Start at the line below containing "因轰炸中投下大量燃烧弹,重庆" and stop at the line containing "P. S. You must". Repeat every line of that stretch exactly, and nothing outside it.

- _Stored data_:
-------------------------

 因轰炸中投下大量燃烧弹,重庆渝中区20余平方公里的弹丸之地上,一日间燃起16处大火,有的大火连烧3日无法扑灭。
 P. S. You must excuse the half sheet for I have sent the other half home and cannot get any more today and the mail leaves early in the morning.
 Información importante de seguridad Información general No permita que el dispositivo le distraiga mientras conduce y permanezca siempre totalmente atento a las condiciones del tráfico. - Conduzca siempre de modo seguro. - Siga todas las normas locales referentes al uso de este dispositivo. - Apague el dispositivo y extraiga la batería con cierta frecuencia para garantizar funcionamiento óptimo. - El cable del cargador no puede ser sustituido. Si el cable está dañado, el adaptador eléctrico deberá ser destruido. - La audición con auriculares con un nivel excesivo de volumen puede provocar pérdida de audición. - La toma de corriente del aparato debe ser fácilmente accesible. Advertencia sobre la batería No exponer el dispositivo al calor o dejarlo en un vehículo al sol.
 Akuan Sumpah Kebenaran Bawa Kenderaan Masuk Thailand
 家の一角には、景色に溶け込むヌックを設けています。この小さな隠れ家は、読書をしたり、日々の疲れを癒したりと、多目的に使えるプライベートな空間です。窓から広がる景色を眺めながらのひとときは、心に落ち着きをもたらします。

-------------------------

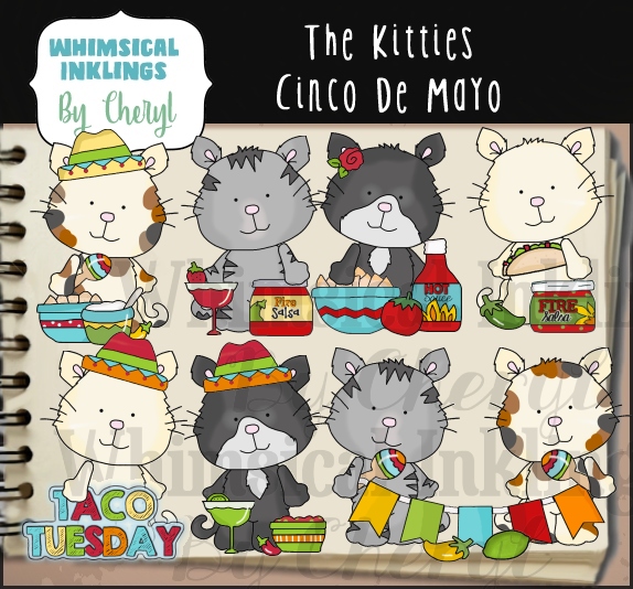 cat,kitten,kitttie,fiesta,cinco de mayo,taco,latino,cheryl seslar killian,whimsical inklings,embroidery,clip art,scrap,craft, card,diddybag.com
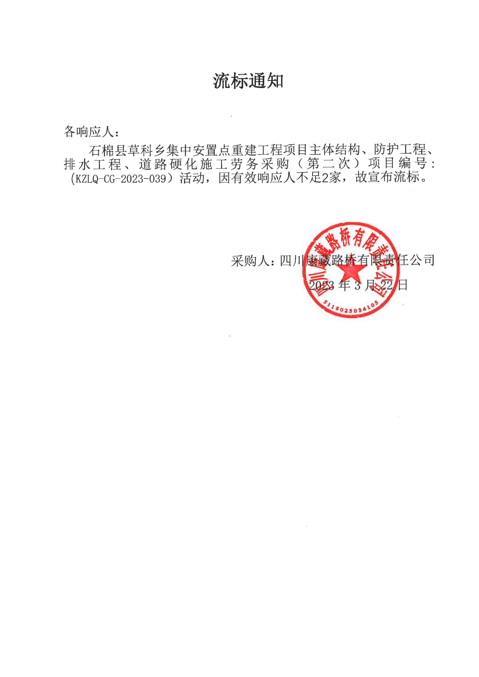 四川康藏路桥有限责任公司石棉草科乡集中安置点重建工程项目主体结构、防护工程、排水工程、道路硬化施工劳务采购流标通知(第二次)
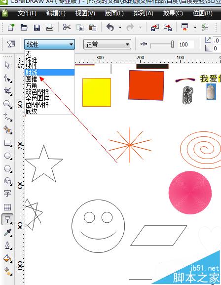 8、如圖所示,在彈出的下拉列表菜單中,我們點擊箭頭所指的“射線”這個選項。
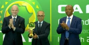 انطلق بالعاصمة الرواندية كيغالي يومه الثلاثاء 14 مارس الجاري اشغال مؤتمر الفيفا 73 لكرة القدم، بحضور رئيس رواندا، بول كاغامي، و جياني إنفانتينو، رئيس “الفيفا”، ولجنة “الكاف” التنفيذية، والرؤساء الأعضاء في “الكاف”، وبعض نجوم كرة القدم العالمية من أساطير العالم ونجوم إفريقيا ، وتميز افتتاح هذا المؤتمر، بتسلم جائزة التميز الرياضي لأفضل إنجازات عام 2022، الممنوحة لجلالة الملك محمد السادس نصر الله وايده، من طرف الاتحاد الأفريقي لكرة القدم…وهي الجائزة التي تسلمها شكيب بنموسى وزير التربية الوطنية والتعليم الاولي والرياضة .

-------------------------

- _Expected answer_:
 因轰炸中投下大量燃烧弹,重庆渝中区20余平方公里的弹丸之地上,一日间燃起16处大火,有的大火连烧3日无法扑灭。
 P. S. You must excuse the half sheet for I have sent the other half home and cannot get any more today and the mail leaves early in the morning.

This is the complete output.